Starting To Realize My Wife Abused MeOkay, my wife left a couple weeks ago, and the time has been painful, chaotic, lonely, busy, and tiring.
But I'm reading alot and talking alot. I am recalling all the times she called me names, out of spite. "Gay" was a favorite of hers, because she thought I didnt want to have sex with her. No, I didnt want to have sex when she was being abusive or drunk. I am attracted to the female body.
Asking me if I can "get it up" when getting ready to have sex. Why would someone ask this? I had one (1) episode after drinking heavily, why does it come up every time after?

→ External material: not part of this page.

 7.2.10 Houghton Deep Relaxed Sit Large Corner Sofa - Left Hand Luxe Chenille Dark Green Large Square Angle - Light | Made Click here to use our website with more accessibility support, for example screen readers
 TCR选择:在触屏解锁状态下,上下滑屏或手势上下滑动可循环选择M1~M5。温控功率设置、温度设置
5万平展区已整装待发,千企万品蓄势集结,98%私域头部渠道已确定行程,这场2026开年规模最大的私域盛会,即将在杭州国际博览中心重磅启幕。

She gets angry if I don't make dinner. She refuses to wash dishes. Makes the kids do stuff for her instead, her "slaves" as she says. Get her water, get her book, get her the phone.

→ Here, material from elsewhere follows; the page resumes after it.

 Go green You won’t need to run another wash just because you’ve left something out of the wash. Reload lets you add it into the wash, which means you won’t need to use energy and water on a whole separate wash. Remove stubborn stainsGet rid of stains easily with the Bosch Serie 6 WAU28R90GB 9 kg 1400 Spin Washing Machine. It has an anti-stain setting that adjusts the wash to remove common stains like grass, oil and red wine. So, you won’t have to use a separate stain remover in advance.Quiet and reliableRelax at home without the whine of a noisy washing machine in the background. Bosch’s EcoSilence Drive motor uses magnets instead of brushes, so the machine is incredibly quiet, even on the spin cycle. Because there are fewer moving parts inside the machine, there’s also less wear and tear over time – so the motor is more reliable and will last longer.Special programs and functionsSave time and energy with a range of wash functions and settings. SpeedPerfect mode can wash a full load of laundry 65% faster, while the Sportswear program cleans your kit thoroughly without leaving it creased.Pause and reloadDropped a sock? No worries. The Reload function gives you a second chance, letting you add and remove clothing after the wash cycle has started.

Me and the kids are not her slaves. We do these things to make her happy, but it doesn't make her happy, just avoids wicked behavior for a minute.
Now she is gone, and I really am at the point where I do not want to see her at all. I am afraid that she will start a fight or pick on me or something. Exchanging our daughter seems to work best if I don't have to see her.
I am not that subserviant, I don't want to be. She is ill alot for various things, nothing life threatening, but ruin the fun in life. Sometimes I wonder if she is sick just to avoid work, or helping around the house.
Then once in a while she will go on a terror of cleaning, and rearranging, and cleaning, and is sure to call her family and her friends and tell her how busy she is cleaning. I just shake my head thinking "I clean almost every day".
But now she is gone. I am no longer her slave. I am free. I enjoy my time alone with my daughter immensely. I am starting to be happy, for short moments, that the monster is gone.